Naturally, the pricing for the SSD upgrades is insane (as it has a much cheaper alternative, which has 95% of functionality and the advantage of not being soldered to the motherboard).

Apple (for better or worse) doesn’t flood a market with inexpensive->cheap models. They could. They could contract with a ‘extremely tight to the cost vest’ factory to make the Apple TV mini stick for 39$, a 99$ IPad, a 299$ Mac mini, 350$ iMac, they could license the OS, open it and open it wide open for apps — as well as make vacuum cleaners, microwave ovens and blenders. That’s probably closer to the eventual norm for most consumer electronics behemoths (sell lots of the low end at razor thin profit but volume makes it plentiful — but if possible also compete for some of the mid to upper end). Apple is that rarer commodity that’s stubbornly chosen to keep it toward the higher end though into the mid). As such it’s almost always a premium when compared to the others who go after different/all levels of a market. Apple with this business model type cannot price it at cost +”fair” amount of profit. If they did then they are headed toward cheap macs and the iBlender.
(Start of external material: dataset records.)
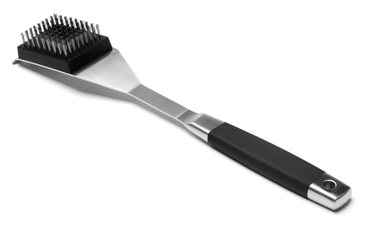 Tarrington House Щетка для гриля из металла пластика предназначена для ухода за металлическими решетками, на которых запекают мясо, птицу и другие блюда. Она помогает с легкостью поддерживать аксессуары для гриля в чистоте, без усилий избавляя их от жира, нагара и прилипших остатков пищи. Для полной гигиены рекомендуется пользоваться щеткой дважды: перед началом приготовления и после окончания жарки блюда. Жесткие щетинки щетки изготовлены из тонкой нержавеющей стали и моментально справляются с самыми стойкими загрязнениями. Убрать сильный нагар поможет предусмотренный с другой стороны изделия металлический скребок. Благодаря эргономичной форме длинная ручка комфортно лежит в ладони, обеспечивая надежный хват. На конце ручки предусмотрена упрощающая хранение аксессуара мягкая кожаная петля для подвешивания. Аксессуар позволяет ухаживать за изделиями из различных материалов: хрома, чугуна, нержавеющей стали. Для очистки щетку рекомендуется мыть вручную в теплой воде с добавлением моющего средства.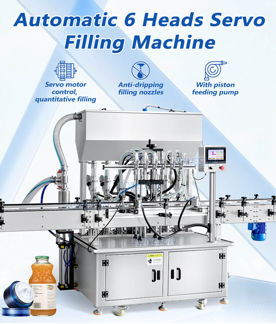 The servo filling machine can be used to fill liquid or paste by entering certain filling range.It will be more accurate and easier to operate,it also has the feeding pump which can transport filling material automatically.This machine is widely used in various industries such as daily chemical, food, cosmetics and so on.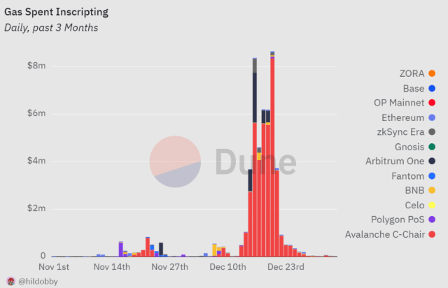 In terms of gas fees, some networks paid over $1 million in gas expenses in December, when the inscription frenzy was at its peak. Notably, Avalanche and Arbitrum reported gas fees of more than $5 million and $2 million, respectively, on December 16.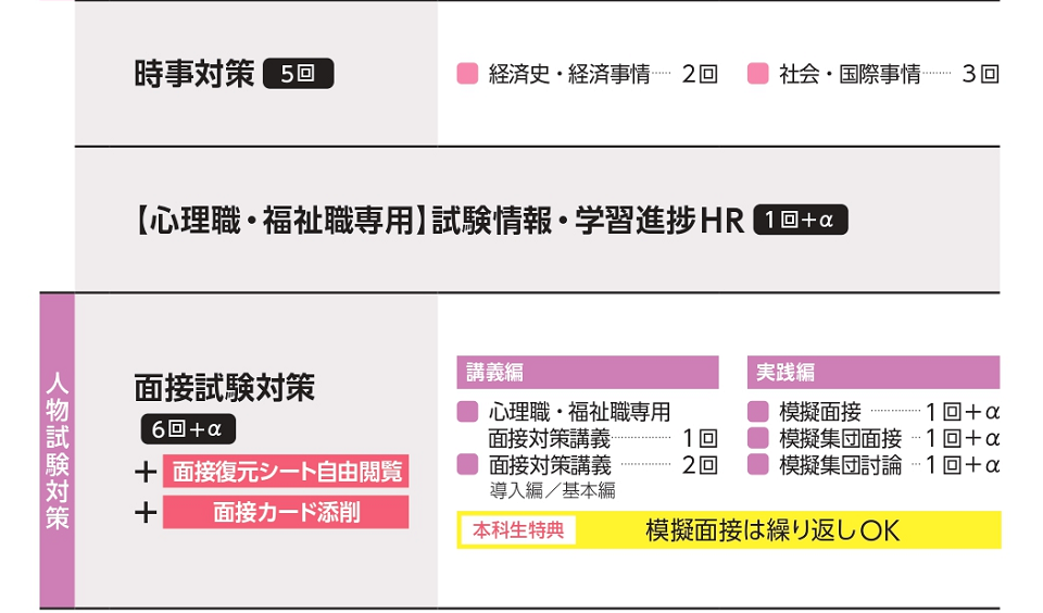 筆記試験対策から人物試験対策まで全て含めた、総合的な受験対策が可能

For those consumers looking for the best bargain/their budgets are very tight, Apple probably isn’t for them (Neither is a BMW or etc etc). Nothing wrong with either ways IMHO.
 
I work in audio and the 10gigabit port in relation with T2 chips is unusable with Dante Protocol on 2018 MM. I would definitely never order a machine with that chip until they really start testing it thoroughly. I had a month and half nightmare back and forth at apple store regarding this, talking to robots...
 
I work in audio and the 10gigabit port in relation with T2 chips is unusable with Dante Protocol on 2018 MM. I would definitely never order a machine with that chip until they really start testing it thoroughly. I had a month and half nightmare back and forth at apple store regarding this, talking to robots...
Its not exclusive to the 10GB NIC. Audinate's support pages document a change to the networking stack in 10.13 and they urge caution when using built-in NICs with Dante. I had the exact same problem until I switched to using an ethernet port on my OWC thunderbolt dock. Has worked perfectly fine since then.